Als Koehler nun mit Mausstammzellen experimentierte, beobachtete sein Forschungsteam nicht nur kleine, knospenartige Zellansammlungen (Organoide), die sich zu Innenohr-ähnlichen Miniaturorganen ausbildeten, sondern zusätzlich auch hautartige Organoide mit Haaren: „Die Haut entwickelt sich wie eine kugelförmige Zyste und die Haarwurzeln wachsen nach außen in alle Richtungen, wie bei einer Löwenzahn-Blüte.“

Haaransätze entwickeln sich aus Zusammenspiel von Ober- und Unterhaut

Im Fachblatt „Cell Reports“ schreiben die Forscher, dass das Haut-Organoid aus acht Zelltypen besteht.
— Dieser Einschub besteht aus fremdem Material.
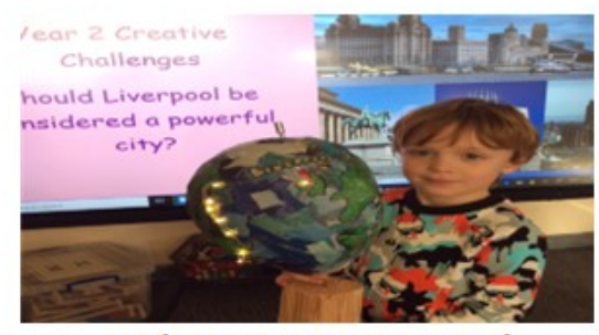
...made a creative project and presented it to an audience.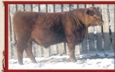
JACOBSON KING 2069 (#1551032) SimAngus™ WS BEEF KING W107 x SCOTT INCUMBENT P13-792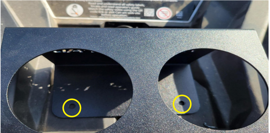
FIG 3 - Use a Drill with a Phillips Head Drill to fasten Mount Bracket to unit

Place the phone charger mount bracket in position on the dash, use the 1/8" drill bit to drill pilot holes for mounting screws. Use the 2 x #14 x 3/4" truss head philips screws (A) and the drill with a phillips head attachment to fasten the mount bracket to the unit (FIG 3).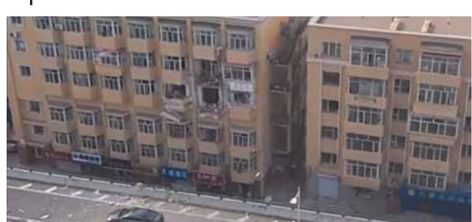
least one person being carted away by first responders into an ambulance, and the streets

Beijing (AP): An explosion at an apartment building in northeastern China killed one person and injured at least three others Thursday, state media reported. Parts of the five-story apartment building in Harbin were damaged, with one apartment's balcony completely blown off, videos on social media showed. Officials told local media that the explosion was likely from a natural gas tank. One woman died of her injuries, according to Jimu News, a state-backed media outlet. The three others were taken to the hospital for their injuries. Videos online also showed at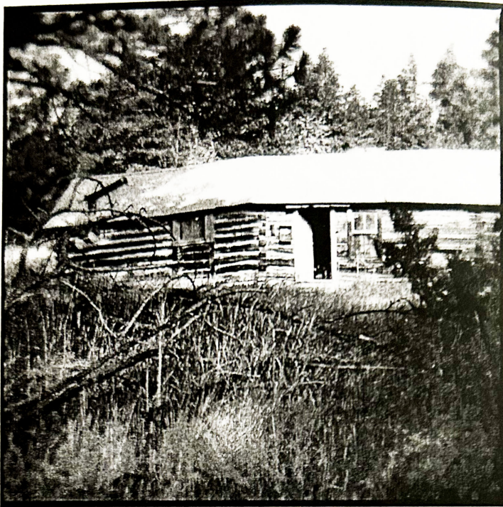
Abandoned Cabin, Deer Fork Ranch, Montana. 2012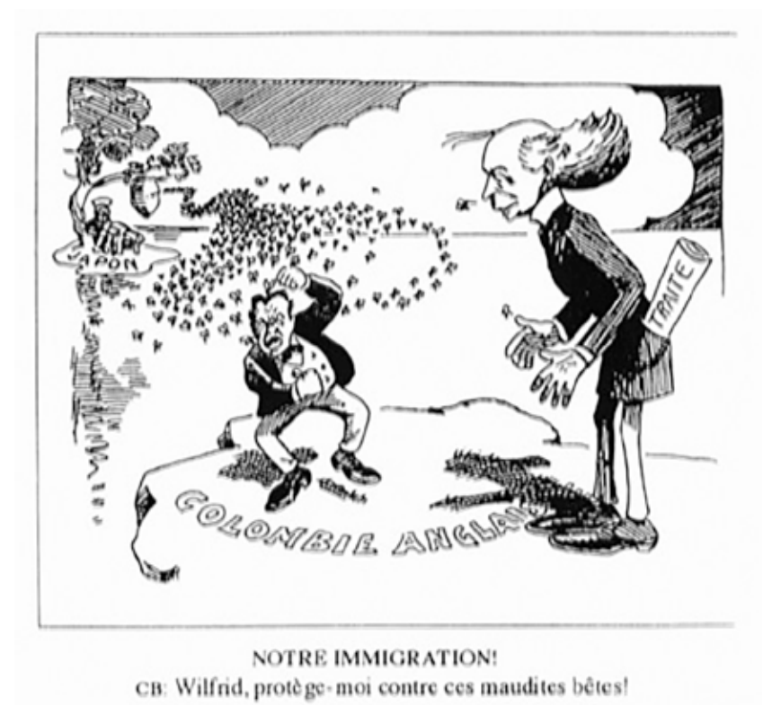
Figure 3. British Columbians plagued with insects from Japan plead with Sir Wilfrid Laurier to protect them. Source: Le Canard , September 1907.

Though the support expressed for Japanese immigration was conditional and self-interested, the editorial dramatized the lack of urgency over immigration restriction that both linguistic groups in Quebec seem to have felt before September 1907.<sup>23</sup>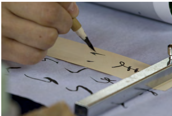
Kurimoto Garden Spring Festival - June 6, 2010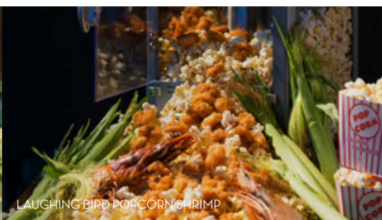
LAUGHING BIRD POPCORN SHRIMP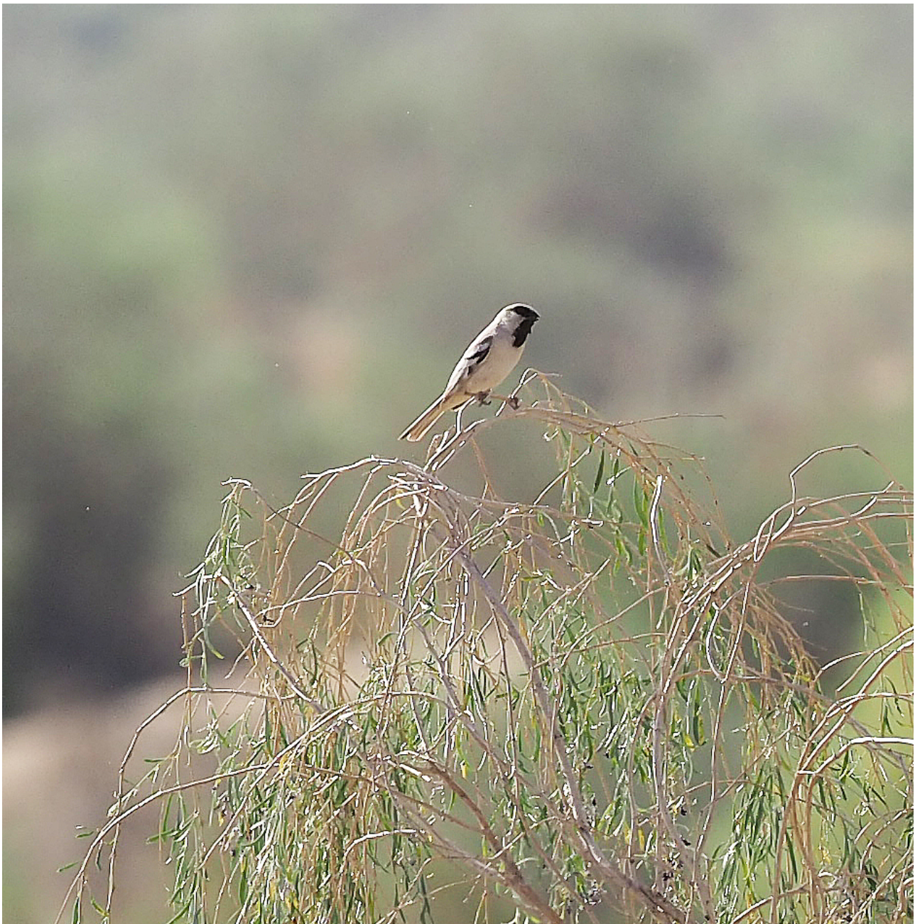
A record shot of the increasingly rare Zarudny's Sparrow

Our Central Asia tour started with a big bang as on the Turkmenistan pre-trip we managed to observe the rare and truly enigmatic Zarudny's (or Asian Desert) Sparrow, one of the hardest to see birds in the Palearctic! This rarity hadn't been seen in its remote haunts by western birdwatchers for over ten years. We obtained cracking views of a male and two recently fledged young in the barchan dunes of the famous Repetek reserve. The favourite highlights of our visit to the varied habitats of Uzbekistan and Kazakhstan included the unique Ibisbill (foraging in a mountain stream), the unusual White-headed Duck (displaying at close range), the magnificent Himalayan Snowcock (terrific scope studies of a foraging bird) and the endearing Pander's Ground Jay (singing from the tops of bushes and running about like a Roadrunner). Other much appreciated specialities were Marbled Duck, Red-crested Pochard, Ferruginous Duck, Dalmatian Pelican, Bearded Vulture, Pallid Harrier, White-tailed Eagle, Macqueen's Bustard, Demoiselle Crane, Sociable and White-tailed Lapwings, Caspian Plover, Black-winged Pratincole, Pallas's Gull, Black-bellied Sandgrouse, Yellow-eyed Pigeon, White-winged Woodpecker, Red-footed Falcon, fluffy Azure and enchanting Yellow-breasted Tits, White-winged and Black Larks, Streaked Scrub Warbler (in its own family!), an overwhelming variety of Phylloscopus, Acrocephalus and Sylvia warblers, Wallcreeper, Rosy Starling, White-throated Robin,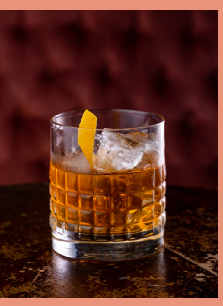
The Irish Whiskey Old Fashione

As a rule of thumb if the cocktail doesn't contain citrus juices it can be stirred rather than shaken.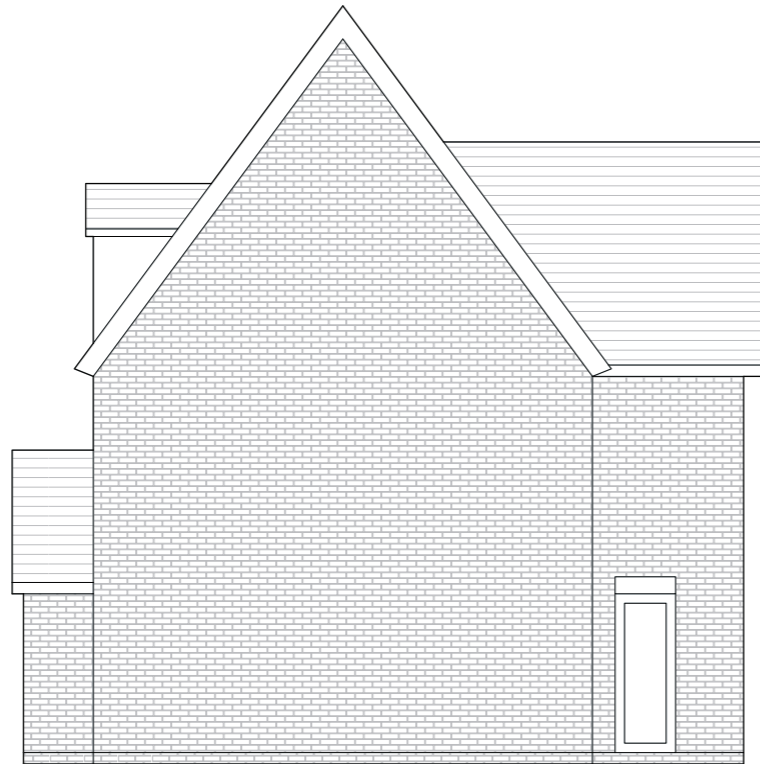
○ SIDE ELEVATION 2, EXISTING SCALE 1:100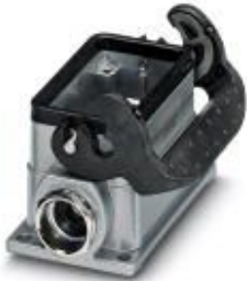
Box mounting base, with single locking latch, height 52 mm, with screw connection, 1x Pg16

Please be informed that the data shown in this PDF Document is generated from our Online Catalog. Please find the complete data in the user's documentation. Our General Terms of Use for Downloads are valid ( http://phoenixcontact.com/download )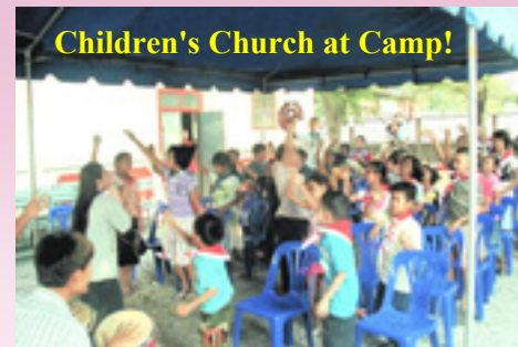
Children's Church at Camp!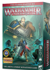
Warhammer Underworlds: Starter Set

These are all fantastic entry points for someone who wants to get into the Warhammer hobby. They contain everything you need to start playing, including two opposing forces, so they're easy to share with a friend. Plus the scaling price points offer increasing levels of value depending on their commitment level and starting budget.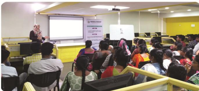
Guest Lecture on "Software Development and Automation" has been organized for Third year students on 22 nd February 2020.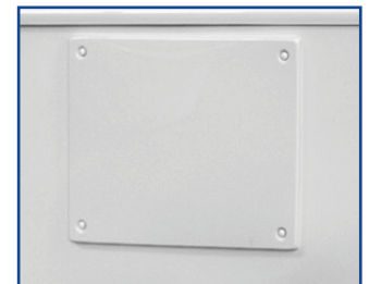
Equipment Access Panel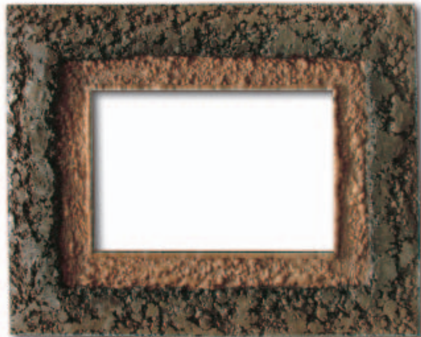
The sculpture Zang Wang Lu Gua 雕塑藏王爐挂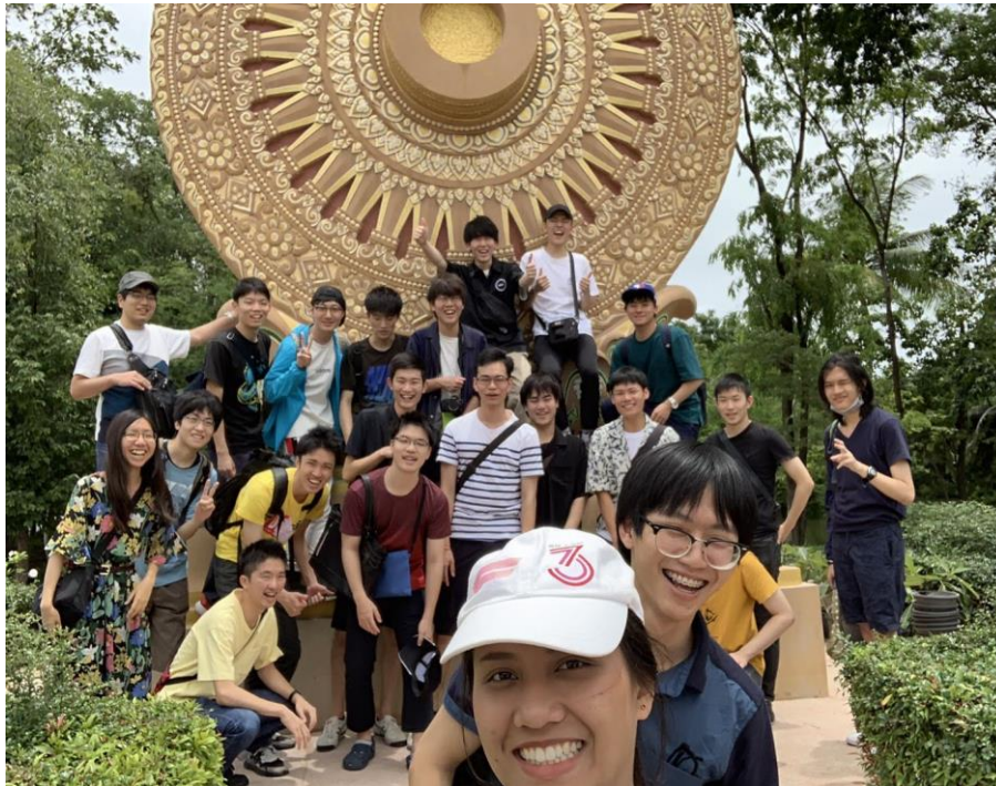
Image1 Understanding Thai culture at the weekend

The global Project-based learning (PBL) program in the department of Materials Science and Engineering has been conducted at Chulalongkorn University (CU) in Thailand from July 30th to August 12th, 2019. The student from SIT and CU were joined in the program. The aim of the program is to work with foreign students to solve problems, and to improve practical skills and global communication skills. Therefore, our program emphasized the collaboration with foreign students majoring in material engineering, and also the discussion with a small group, increasing learning effect. The contents of program included the PBL, academic English trainings, special lectures, factory tours, and internship at company.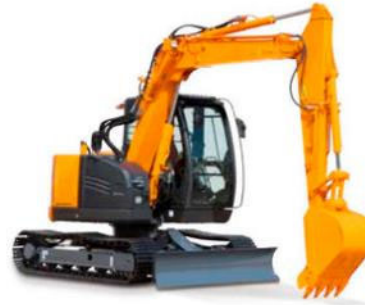
Smart and Alternative Fuel Machinery 智能及新能源機械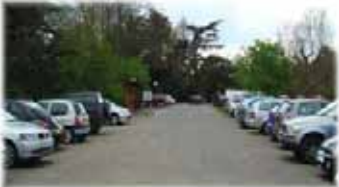
New extended car park to accommodate more cars and visitors to the Park

The overall aim is to incorporate the orchard as part of the park and create recreation opportunities in the form of pathways, possible bmx track and cycling tracks. In the existing park all the pathways need to be refurbished and new ramped links created to link the top and bottom tiers. The play area needs refurbishment, the car park needs extending and a permanent sunclock on the old gun emplacement.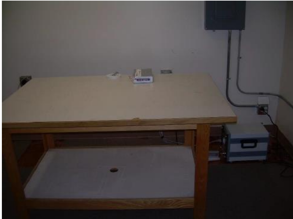
Photograph 5: Front View Conducted Emissions Worst-Case Configuration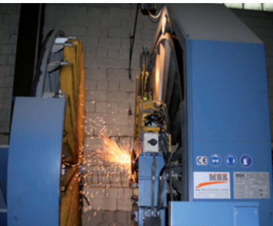
New reinforcement welding machine from MBK

A long-standing partnership with Prinzing GmbH precedes the investment in the new Primuss production system. Besides the new plant, Rinninger operates two other production machines from Prinzing. The plants concerned are for the production of manhole rings. One of the plants was installed in 1982 and has thus been producing manhole rings in Kisslegg for almost 30 years.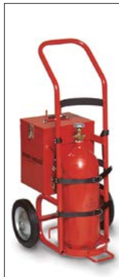
JO225LC & 1208 (20 lb Cylinder)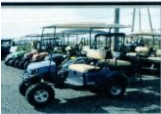
2017 EZGO S4 $8495

Serving Western Pennsylvania for over 23 years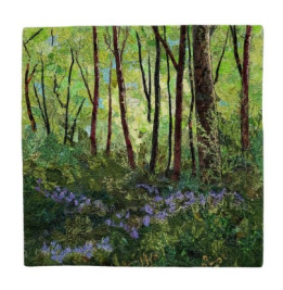
Ethelda Erasmus Bluebells in Corrig Wood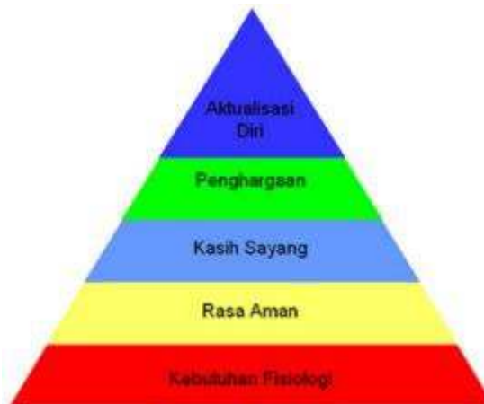
Figure 1. Maslow's Theory of Needs

Maslow's theory of needs is one of the psychological theories introduced in the Psychological Review in 1943 by Abrahama "A Theory of Human Motivation". This assumes that lower-level needs must be met or at least sufficiently met before the higher-level needs.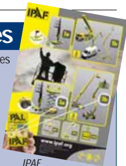
IPAF categories poster

Details on the new categories and frequently asked questions are available at the Training section of www.ipaf.org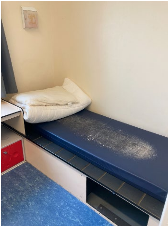
Alpha unit mattress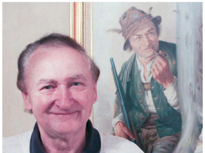
Ancient cave drawing of Vence Zolman found on the dining room wall of Die Bier Stube.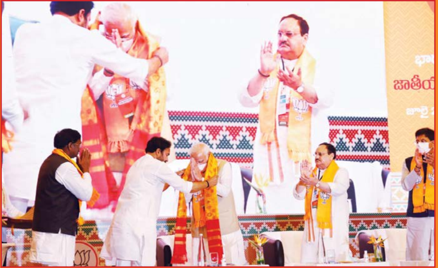
Union Minister Shri G.Kishan Reddy welcoming the Prime Minister, Shri Narendra Modi at the inaugural session of the 'National Executive Meeting' held in Hyderabad, Telangana on July 02-03, 2022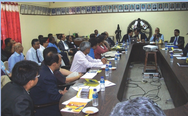
ASI Chapter Presidents & Secretaries' Meet at ASI HQ., Chennai on 1-3-2015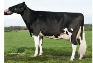
Wilder Kairo 55 RDC VG-89

Roodbonte Swat P RDC, 154 gRZG & 131 gRZE Zeer hoge vruchtbaarheid-, uiergezondheid- en levensduur-fokwaarden. De succesvolle Wilder K-familie, vele stieren bij de KI.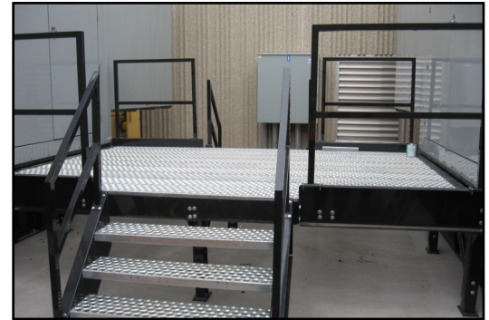
Stairs and Platform installed between gensets.

The completed unit can be shipped anywhere, ready for installation.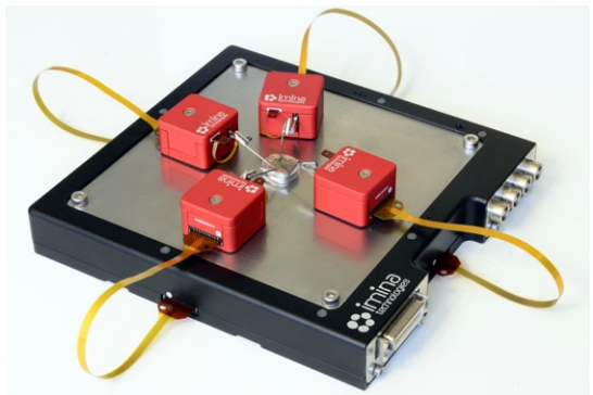
miBase BS-42 with four miBot manipulators

Ideal for labs with shared equipment, the miBase BS-43 makes installation and use of your miBots extremely convenient. The platform accommodates samples up to 5 cm (2") diameter. It offers several mounting interfaces that fit most optical and electron microscopes, and moving from one to another is a matter of minutes. It embeds a MultiBot controller which allows you to run up to 4 miBots with a single piezo driver (syDrive SD-15) and cabling is reduced to the minimum. Electrical signals can be measured or injected at the miBot probe tips by third party instruments by connecting them to the coaxial connectors on the front panel.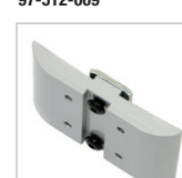
T-Slot Bracket 60-575-003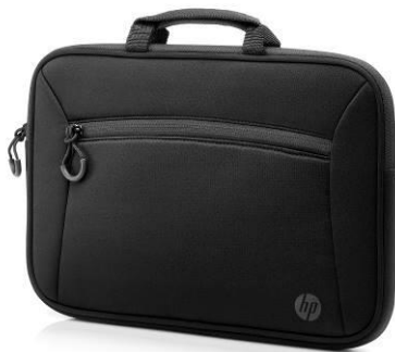
HP Black 11.6" Sleeve 3NP78AA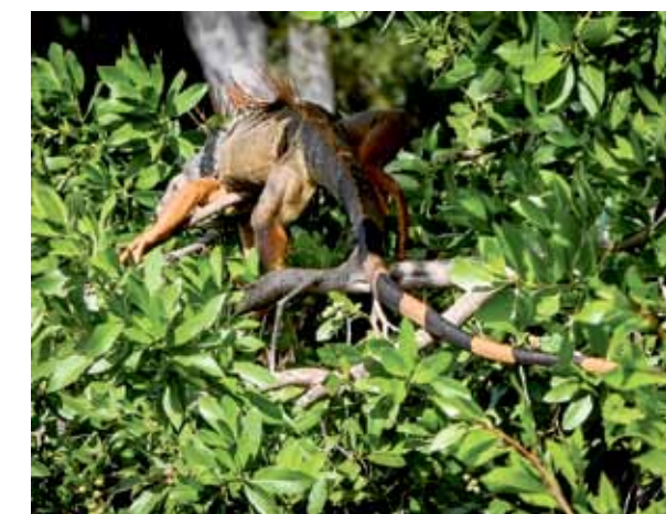
Adult male Green Iguana takes on a bronze tone when in mating season.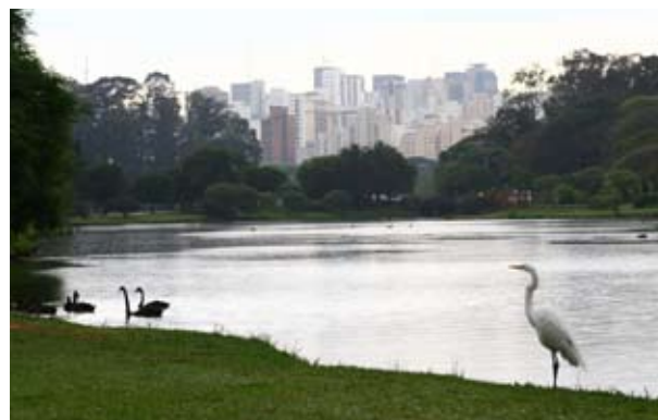
Ibirapuera Park in the City of Sao Paulo.

São Paulo is an active partner in many initiatives promoting good governance and sustainable urban management. São Paulo is promoting strict enforcement of illegal timber procurement for its buildings and works. 20% of Amazon hard wood, illegally extracted in protected areas, is consumed in the State of São Paulo. The municipal administration passed a law to secure that the timber it purchases provides all documentation of origin. The next step is to require certified timber for municipal construction.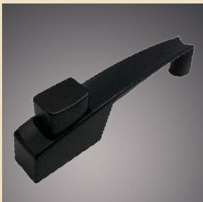
Standard Hardware Available in black or white.

Der Grund dafür, dass sich Haarwurzeln bilden könne, sei offenbar, dass in den Organoiden die beiden wichtigsten Zellschichten der Haut – Ober- und Unterhaut (Epidermis und Dermis) – zusammen heranwachsen. Wird der Prozess unterbrochen, bei dem die Dermis entlang der Epidermis wächst, bilden sich auch keine Haarwurzeln.

Bis zum „Haar aus der Retorten“ ist es allerdings noch ein weiter Weg. Bislang entwickeln sich die Haarkeime nicht weiter. Dennoch hofft Koehler, dass sich sein „Rezept“ für das Züchten von Haut aus Mausstammzellen verbessern und mit menschlichen Stammzellen wiederholen lässt. Ob sich daraus eine Quelle für den Haut- und Haarersatz oder „nur“ zum Testen von Medikamenten gegen Hauterkrankungen ergibt, wird sich zeigen.